Photo credit: Wildflower Schools

A school model led solely by classroom teachers that operates in one-room storefronts has been awarded a $250,000 grant to put down roots in Indianapolis.

Wildflower Schools, which includes 14 Montessori microschools in three states and Puerto Rico, was selected as the second winner of the Charter School Design Challenge, which seeks to bring innovative charter school models to the city.

Wildflower was chosen because of the innovations it brings to charter schools, said Brandon Brown, vice president of education innovation at The Mind Trust, the Indianapolis-based nonprofit that runs the competition. Wildflower schools have no principals or administrators, but instead are run by two teacher leaders who instruct 20 to 30 students spanning multiple grades using the Montessori model of observation and student-driven learning. The schools are run in one-room storefronts — another departure from traditional school design.

“This type of model does not exist locally and will be revolutionary to how we view innovation in Indianapolis,” Brown said.

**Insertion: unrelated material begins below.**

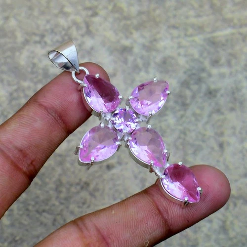 Wonderful Pink Kunzite Gemstone 925 Sterling Silver Jewelry Pendant 1.62"

Three to four schools are planned to open in 2020, but these plans are flexible as the school works through its startup process. The grant money will go toward hiring a site entrepreneur, whose job it is to figure out how to make Wildflower meet Indianapolis’s district requirements, as well as find teachers to lead the schools, said Matt Kramer, CEO of Wildflower Schools. Funds could also be used for expenses like hiring legal experts, a charter school application writer, or a local Montessori teacher to help advise the process.

Wildflower is not the first model to tackle small schools, teacher leaders, or the Montessori method, Kramer said. “We are not the first person to come up with any of these thoughts. It’s that we’re relatively close to the cutting edge on each of them,” and the first to try to make the model sustainable with public funding and governance.

This trailblazing comes with its own set of challenges, like figuring out how a microschool can operate under the accountability and reporting structures required of schools that have a much larger student population and administrative staff, Kramer said. For example, services for students who are English language learners or have disabilities are often centralized with a specific support team in a traditional school or district, but Wildflower schools have only two classroom teachers.

Photo credit: Wildflower Schools

Components like testing will also be tricky, with just eight to nine students per grade.

Although the traditional Montessori model does not test students, public Montessori schools in the U.S. must abide by state testing requirements. Nevertheless, these models have proven successful in the public sphere. A recent study in South Carolina found that low-income students in the state’s nearly 50 public Montessori schools performed significantly better than their traditional school peers in academics and soft skills like behavior and independence.

Wildflower includes 11 private schools in Massachusetts, Rhode Island, Kentucky, and three public schools in Puerto Rico. Its first charter will open this school year in Minneapolis.

Wildflower is the second charter school model to be awarded funds by The Mind Trust. The first was Rooted School, which focuses on workforce development for high school students.